The company seemed eager to talk about the competition its products face, and that its actions aren’t necessarily monopolistic. On the gaming business, an investor asked why the number of Tencent games in China’s top-10 mobile games had come down. James Mitchell, chief strategy officer, replied that this was a “very healthy development”. “Our aspiration is not domination,” he added.

Gaming business saw global growth

Revenue from Tencent’s online gaming increased year-on-year, driven primary by paying users in China as well as other international markets. The company’s mobile games had a good year with revenues increasing by 45% year-on-year (YoY). Total smartphone games revenue grew 61% YoY. The company’s most famous offering Honour of Kings exceeded a whopping 100 million daily average users (DAU) in 2020. While the company refused to disclose its revenues from individual markets, it said that the “global game business is truly global”. Aside from the US, Japan and China, its properties such as League of Legends, Supercell, Mini Games, PUBG Mobile, Call of Duty Mobile had performed well in various parts of the world.

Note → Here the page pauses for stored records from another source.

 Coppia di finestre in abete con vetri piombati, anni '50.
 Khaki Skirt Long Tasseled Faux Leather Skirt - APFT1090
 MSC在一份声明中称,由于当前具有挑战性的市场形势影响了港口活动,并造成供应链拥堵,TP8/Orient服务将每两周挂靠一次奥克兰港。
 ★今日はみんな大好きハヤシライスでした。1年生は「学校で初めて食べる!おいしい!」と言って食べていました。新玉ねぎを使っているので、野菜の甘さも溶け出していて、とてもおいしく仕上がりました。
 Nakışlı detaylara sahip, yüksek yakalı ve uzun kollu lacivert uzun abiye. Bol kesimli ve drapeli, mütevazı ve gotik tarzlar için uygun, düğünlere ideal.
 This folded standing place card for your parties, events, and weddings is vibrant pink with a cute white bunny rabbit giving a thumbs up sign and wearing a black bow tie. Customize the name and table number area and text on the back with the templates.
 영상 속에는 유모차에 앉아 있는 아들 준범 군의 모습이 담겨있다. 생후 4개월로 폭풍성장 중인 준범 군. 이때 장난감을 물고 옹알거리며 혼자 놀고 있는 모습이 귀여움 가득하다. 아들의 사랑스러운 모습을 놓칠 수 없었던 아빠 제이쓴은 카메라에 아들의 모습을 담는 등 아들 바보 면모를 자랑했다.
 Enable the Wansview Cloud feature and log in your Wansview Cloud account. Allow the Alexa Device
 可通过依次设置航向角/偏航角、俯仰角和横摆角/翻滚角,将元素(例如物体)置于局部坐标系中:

  • Other less-known games were also quite successful. For instance, the internally-developed Naruto Mobile became one of the top fighting games in China, the company said. Moonlight Blade Mobile, League of Legends World Wild Rift also saw good success, the company said.

PC gaming stable: On the other hand, PC gaming revenue was stable at $1.82 billion. Increased revenue from League of Legends globally and Valorant in western markets offset decreased revenue from Dungeon & Fighter in China, said Lau. “With respect to key PC games, we continue to view the sector fairly favorably. While the PC game market has not experienced the same revenue growth as the mobile game market, PC games are highly influential. There is plenty of room for IP and product innovation within the PC platform to drive direct revenue contributions or broader platform benefits,” said Lau.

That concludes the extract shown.